ACTION ITEM
Every entry below should be reproduced exactly, with all pictures left out.

ENTRIES SHOWN
────────────────
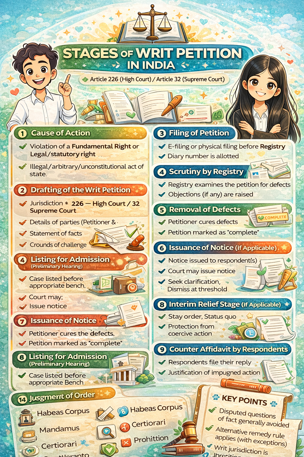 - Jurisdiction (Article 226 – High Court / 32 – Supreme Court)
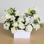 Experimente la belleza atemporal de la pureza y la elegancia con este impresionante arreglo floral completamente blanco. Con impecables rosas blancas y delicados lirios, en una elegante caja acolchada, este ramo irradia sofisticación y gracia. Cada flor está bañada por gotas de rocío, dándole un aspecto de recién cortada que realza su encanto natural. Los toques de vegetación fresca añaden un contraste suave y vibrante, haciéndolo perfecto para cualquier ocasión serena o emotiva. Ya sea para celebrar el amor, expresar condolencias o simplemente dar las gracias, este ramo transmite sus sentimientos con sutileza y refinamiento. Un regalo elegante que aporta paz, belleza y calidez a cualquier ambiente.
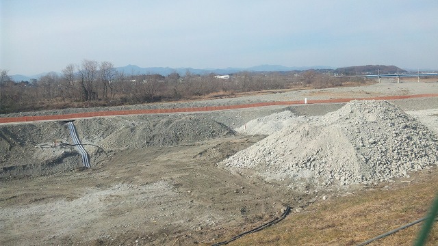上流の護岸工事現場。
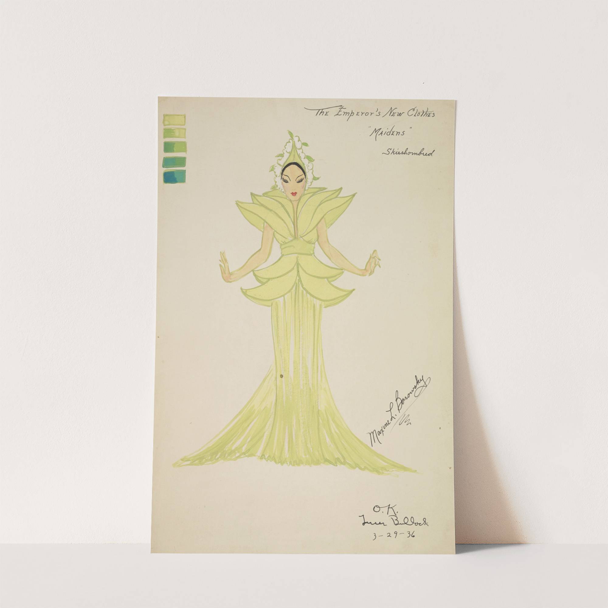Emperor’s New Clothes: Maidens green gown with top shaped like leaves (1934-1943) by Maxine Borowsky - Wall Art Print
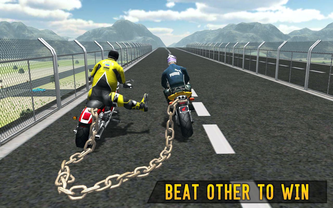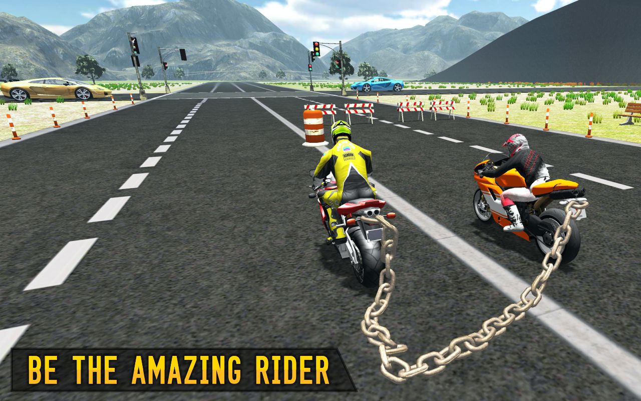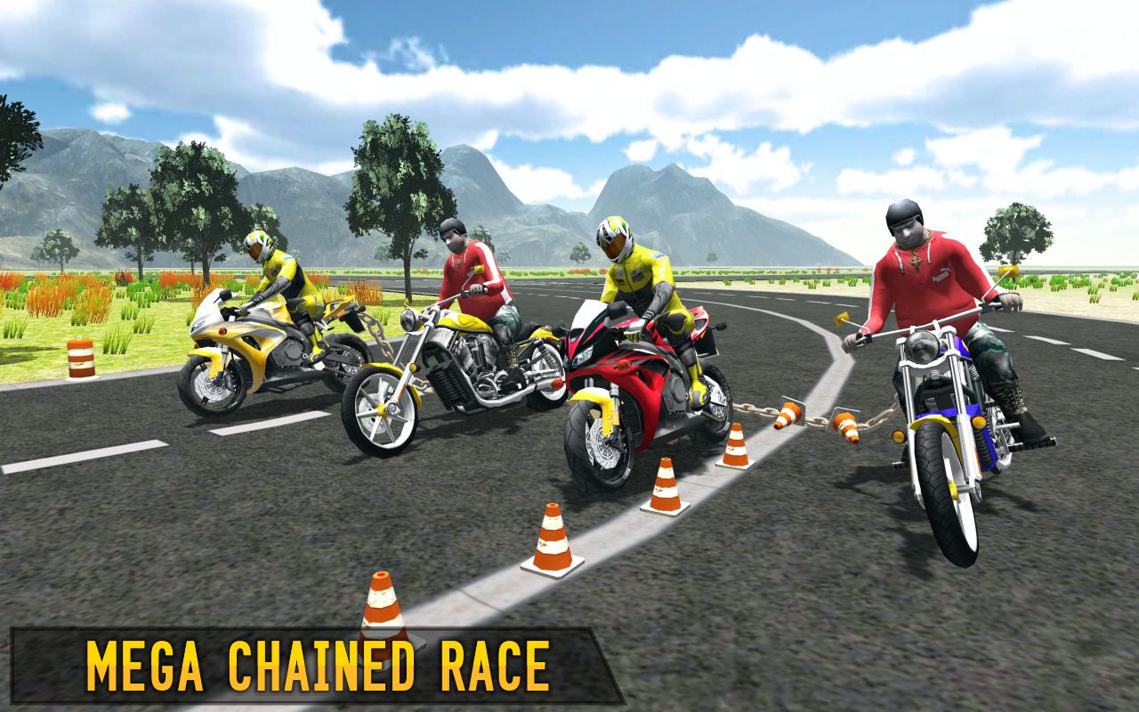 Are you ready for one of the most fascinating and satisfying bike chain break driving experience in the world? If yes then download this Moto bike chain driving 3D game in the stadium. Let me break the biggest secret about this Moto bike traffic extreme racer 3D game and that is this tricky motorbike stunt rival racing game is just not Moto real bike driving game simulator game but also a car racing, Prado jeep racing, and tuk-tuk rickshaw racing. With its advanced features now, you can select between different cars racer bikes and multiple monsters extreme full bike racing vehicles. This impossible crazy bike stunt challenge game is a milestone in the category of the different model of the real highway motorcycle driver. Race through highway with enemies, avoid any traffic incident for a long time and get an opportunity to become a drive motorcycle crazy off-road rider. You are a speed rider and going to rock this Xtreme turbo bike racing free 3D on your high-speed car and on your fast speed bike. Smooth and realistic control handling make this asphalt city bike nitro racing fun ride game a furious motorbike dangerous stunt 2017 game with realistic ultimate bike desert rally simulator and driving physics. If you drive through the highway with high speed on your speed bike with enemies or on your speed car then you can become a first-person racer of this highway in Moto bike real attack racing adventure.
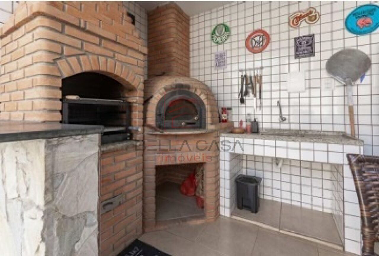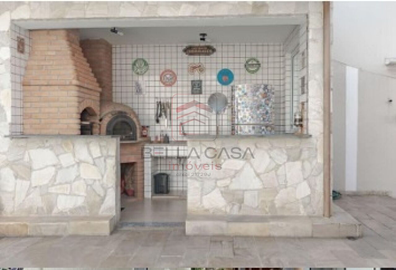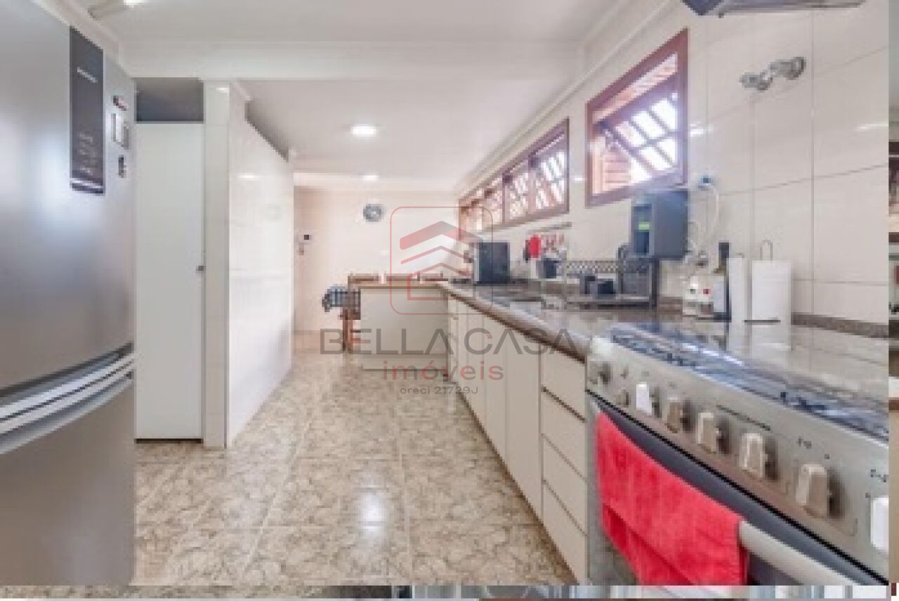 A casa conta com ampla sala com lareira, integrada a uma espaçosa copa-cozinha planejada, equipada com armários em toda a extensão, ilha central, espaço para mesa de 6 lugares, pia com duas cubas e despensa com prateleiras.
────────────────
SOLUTION TO THE PROBLEM
 - Jurisdiction (Article 226 – High Court / 32 – Supreme Court)
 Experimente la belleza atemporal de la pureza y la elegancia con este impresionante arreglo floral completamente blanco. Con impecables rosas blancas y delicados lirios, en una elegante caja acolchada, este ramo irradia sofisticación y gracia. Cada flor está bañada por gotas de rocío, dándole un aspecto de recién cortada que realza su encanto natural. Los toques de vegetación fresca añaden un contraste suave y vibrante, haciéndolo perfecto para cualquier ocasión serena o emotiva. Ya sea para celebrar el amor, expresar condolencias o simplemente dar las gracias, este ramo transmite sus sentimientos con sutileza y refinamiento. Un regalo elegante que aporta paz, belleza y calidez a cualquier ambiente.
上流の護岸工事現場。
Emperor’s New Clothes: Maidens green gown with top shaped like leaves (1934-1943) by Maxine Borowsky - Wall Art Print
 Are you ready for one of the most fascinating and satisfying bike chain break driving experience in the world? If yes then download this Moto bike chain driving 3D game in the stadium. Let me break the biggest secret about this Moto bike traffic extreme racer 3D game and that is this tricky motorbike stunt rival racing game is just not Moto real bike driving game simulator game but also a car racing, Prado jeep racing, and tuk-tuk rickshaw racing. With its advanced features now, you can select between different cars racer bikes and multiple monsters extreme full bike racing vehicles. This impossible crazy bike stunt challenge game is a milestone in the category of the different model of the real highway motorcycle driver. Race through highway with enemies, avoid any traffic incident for a long time and get an opportunity to become a drive motorcycle crazy off-road rider. You are a speed rider and going to rock this Xtreme turbo bike racing free 3D on your high-speed car and on your fast speed bike. Smooth and realistic control handling make this asphalt city bike nitro racing fun ride game a furious motorbike dangerous stunt 2017 game with realistic ultimate bike desert rally simulator and driving physics. If you drive through the highway with high speed on your speed bike with enemies or on your speed car then you can become a first-person racer of this highway in Moto bike real attack racing adventure.
 A casa conta com ampla sala com lareira, integrada a uma espaçosa copa-cozinha planejada, equipada com armários em toda a extensão, ilha central, espaço para mesa de 6 lugares, pia com duas cubas e despensa com prateleiras.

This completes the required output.